Perennial  Vine  Flowers Useful for fresh and/or dried arrangements Fragrant

sweet autumn clematis
This sweet autumn clematis vine has scaled a dogwood (Cornus florida) tree and smothers its crown with a foamy froth of fine fragrant flowers in late summer.
The beautiful sweet autumn clematis is a vigorous semi-evergreen (or deciduous) vine than can climb up to 30 ft (9.1 m) on a semiwoody main stem that can get up to 4 in (10 cm) in diameter. Branching smaller stems usually form a rampant tangle of growth that sprawls over every available structure. The compound leaves are glossy and rather stiff, arranged in opposing pairs with each of the 3 or 5 leaflets around 2-3 in (5-7.6 cm) long. The star shaped white flowers are about an inch and a quarter across and sweetly fragrant. They are borne in numerous branching panicles from late summer through autumn. Vines can be so laden with billowy masses of white flowers that they look like they're covered with snow! The seed heads are pretty, too, with their silvery-gray featherlike styles. 'Purity' is a male clone with especially large flowers that bloom in spring.

Sweet autumn clematis hails originally from Japan.

All climbing clematis vines should be pruned hard after the first year of growth to encourage branching and bushiness. Cut back to a pair of strong buds about a foot above ground level. Like the other species, sweet autumn clematis climbs by twisting itself around supporting structures. It doesn't have tendrils or root hairs like some other climbers, so you'll need to help your clematis stay on its support. Sweet autumn clematis blooms on growth of the current season, so you can prune whenever it's convenient.
Light: Sweet autumn clematis (like other members of the genus) likes to have its roots in the shade and its foliage in the sun. Plant so that the top of the root ball is 3-4 in (7.6-10 cm) beneath the soil surface, preferably in the shade of a rock or tree trunk. Mulch well. The foliage of sweet autumn clematis needs full sun. Planted at the base of a tree or wall, it will find the sun it needs!
Moisture: Sweet autumn clematis needs regular watering, especially in hot weather.
Hardiness: USDA Zones 5 - 10. Keep the roots shaded and cool, and the foliage in the sun. Cover the root zone with a flat rock or a shallow-rooted ground cover.
Propagation: Sweet autumn clematis can be grown from seed; plant as soon as ripe. It also can be started from cuttings taken in early summer, and by layering in late winter or early spring.

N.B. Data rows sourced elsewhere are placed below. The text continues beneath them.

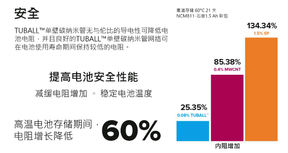 作为可用于锂电池配方中的导电材料,添加少量的TUBALL单壁碳纳米管可以降低电池内阻(DCR),从而降低电池的温度积累,降低电池起火的风险。
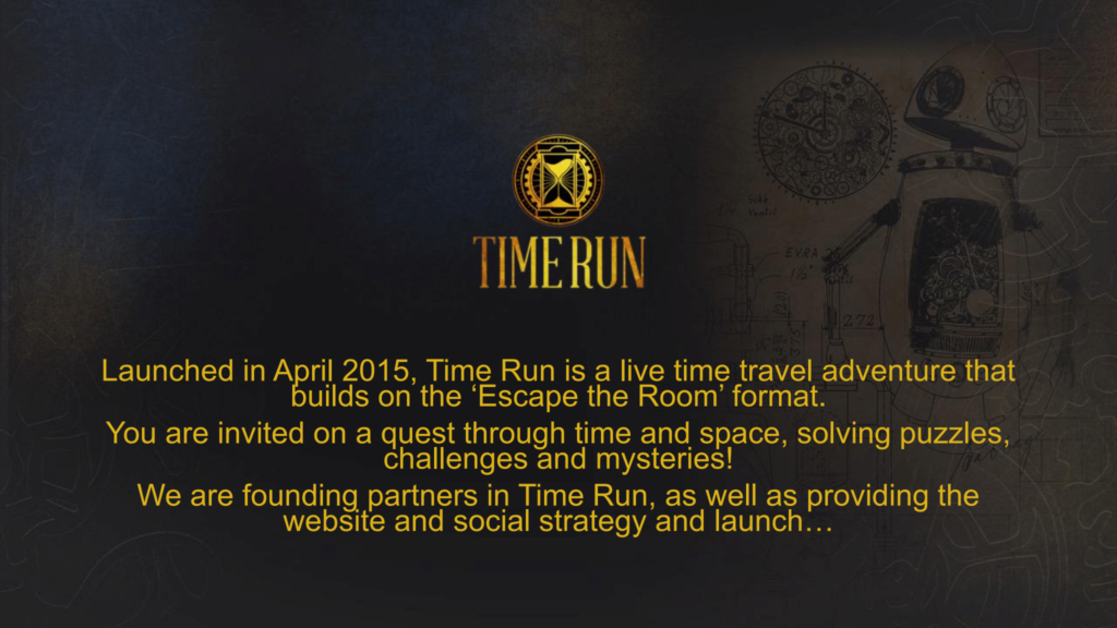 Time Run is a high-tempo live adventure for groups of 3-5 people and has been reviewed as the best escape game in London.
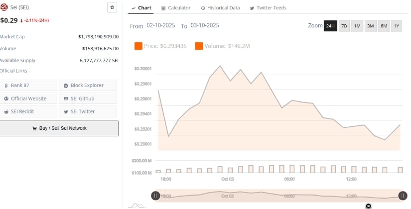 Latest scoop: Sei rings in at $0.29, down a whopping 2.11% in 24 hours – ooof! Market cap’s a cool $1.79 billion (top 90 cryptos, rejoice!), but trading volume’s $158.9 million, which is like moderate applause in a comedy club: polite, but not roaring with laughter. Moderate activity? Pfft, not the breakout party we were promised. 🚀❌
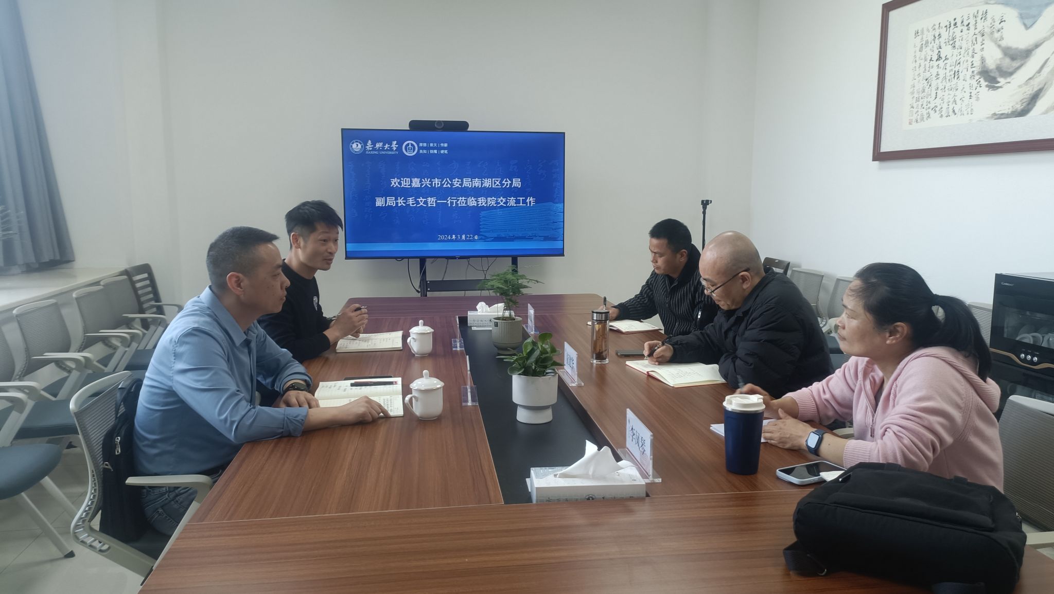 3月22日下午,嘉兴市公安局南湖区分局副局长毛文哲一行2人来熊猫体育 交流工作。熊猫体育 党委书记童建华主持会议。法学系李凤琴副教授、周述荣博士参加座谈交流。
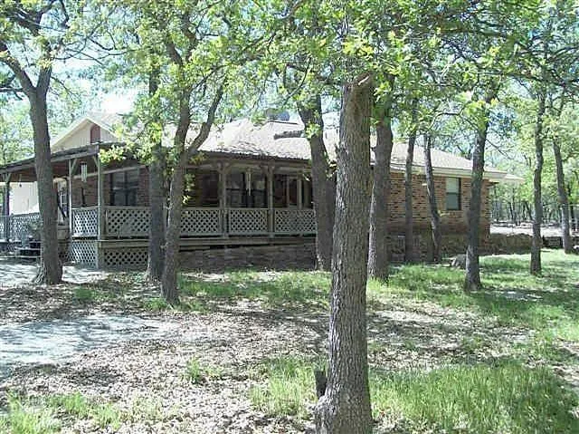Quiet, secluded home with a country, 3/4 wrap porch nestled in the trees. Three bedroom, three bath. It has a large barn-shop,two wells, a pond and creek, complete with livestock fencing. Recent improvements to the property are an electric gate, an RV plug, kitchen and dining area recently tiled, a patio was built off master bedroom and fenced in yard just added. Call Fama Harris at 817-781-2481 for showing.
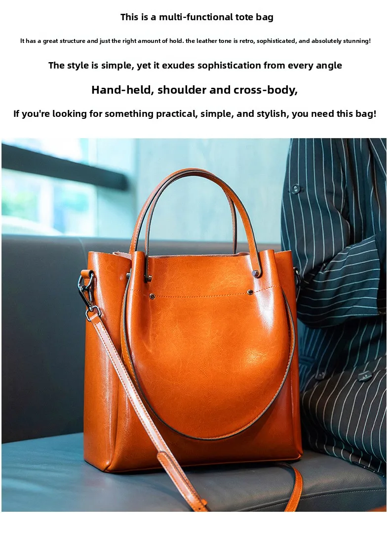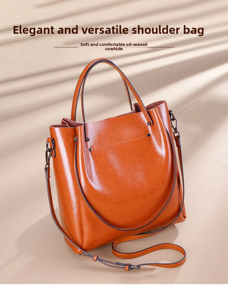 2026 Retro Genuine Leather Women’s Handbag, Popular Elegant High-Grade Calfskin Tote Bag
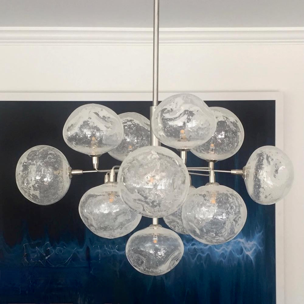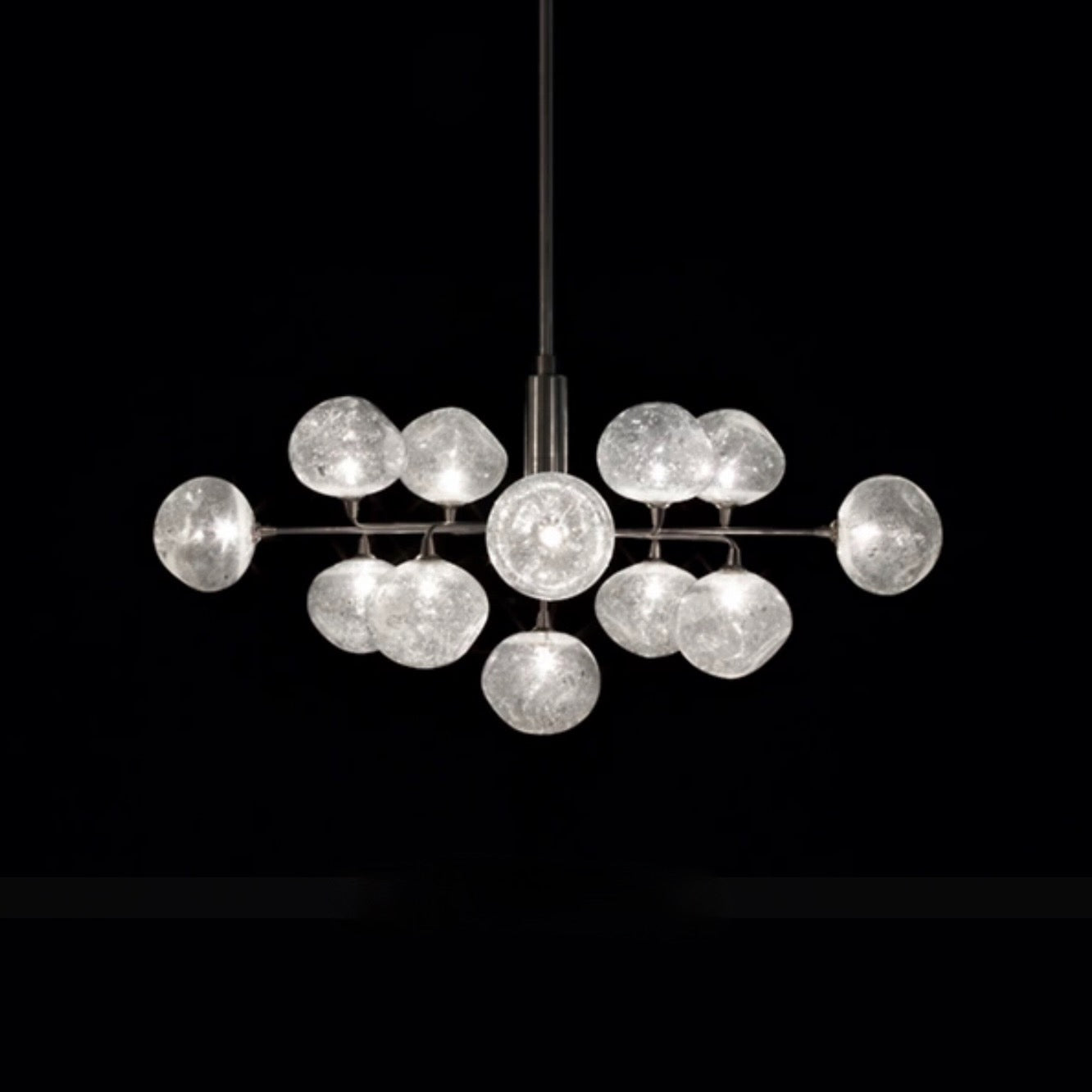Thirteen frosted glass globes hang suspended in the air by a set of stainless-steel arms, producing an ambient light that is sure to catch an eye or two. Fascinating in appearance without being too loud, this fixture finds a home comfortably in residential use or even commercial, making any modern environment truly standout.
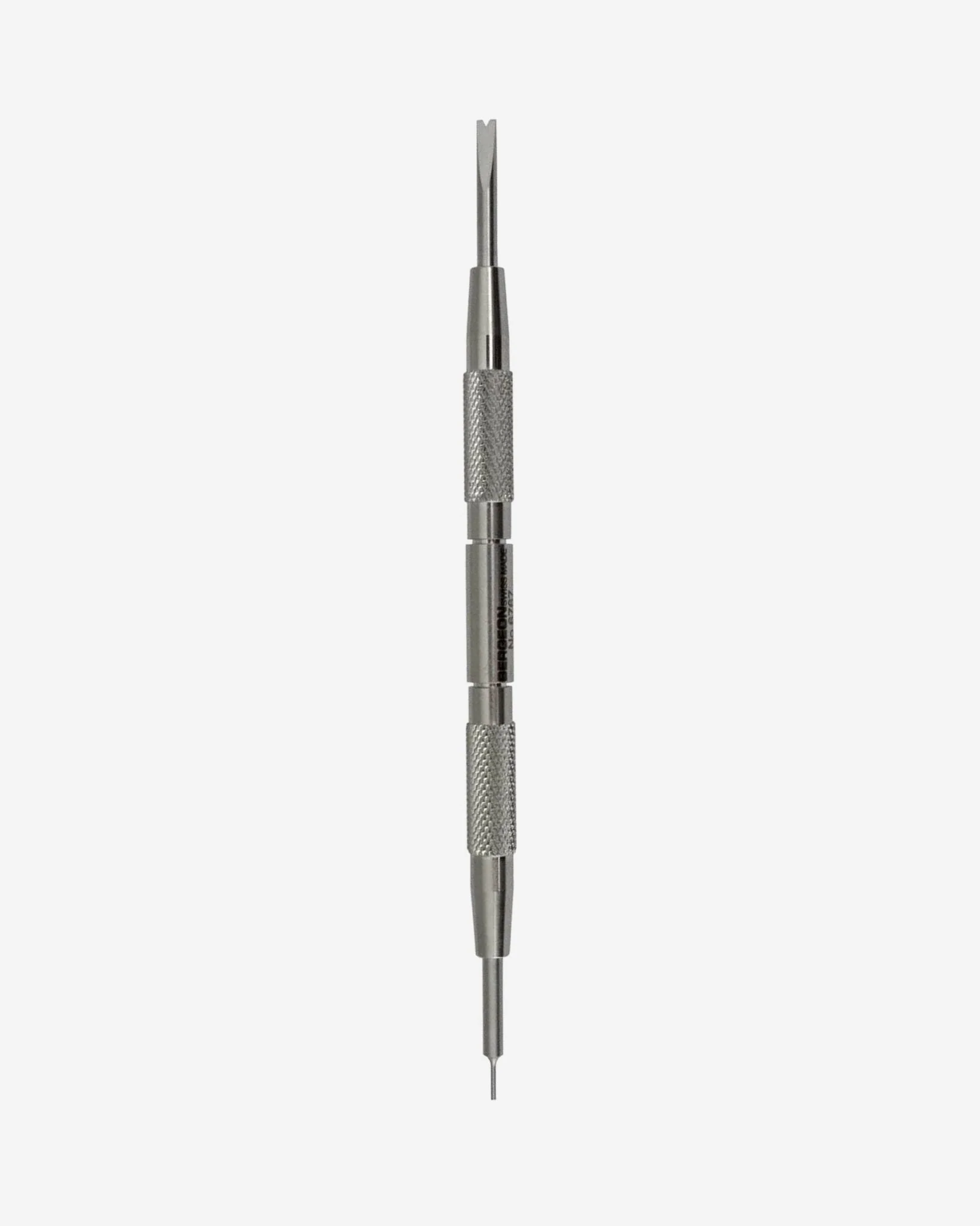 The tool's ergonomic design, featuring a knurled handle, provides a secure and comfortable grip, making it perfect for delicate tasks such as adjusting watch bands or repairing watch clasps. Each tip is removable and features identical threading, allowing for easy and convenient replacement as needed.

sweet autumn clematis flowers
Sweet autumn clematis flowers are followed by feathery seedheads that are as pretty as the flowers. Click to download a large version (800x600) of this image.
Sweet autumn clematis is probably the easiest clematis to grow. It thrives on neglect and can even become a nuisance, engulfing less robust plants and self-seeding itself all over the place. This is a great vine for a privacy screen (with fragrance!) or to cover an arbor. The sweet smelling flowers are beautiful, and the interesting seedheads, with their plumose "tails", are useful in dried floral arrangements.

There are more than 200 species of Clematis; most are woody climbers and sprawlers, native to the world's temperate climates. Hundreds of Clematis hybrids and fancy selections have been developed. See Floridata's profiles on the Jackson hybrids (Clematis X jackmanii) and Armand clematis (Clematis armandii).

The Florida Exotic Plant Council lists this vine as a Category II invasive species in Central and North Florida. This is defined as "Invasive exotics that have increased in abundance or frequency but have not yet altered Florida plant communities to the extent shown by Category I species. These species may become ranked Category I, if ecological damage is demonstrated."

Check locally in your area before planting to insure that sweet autumn clematis in not invasive where you live.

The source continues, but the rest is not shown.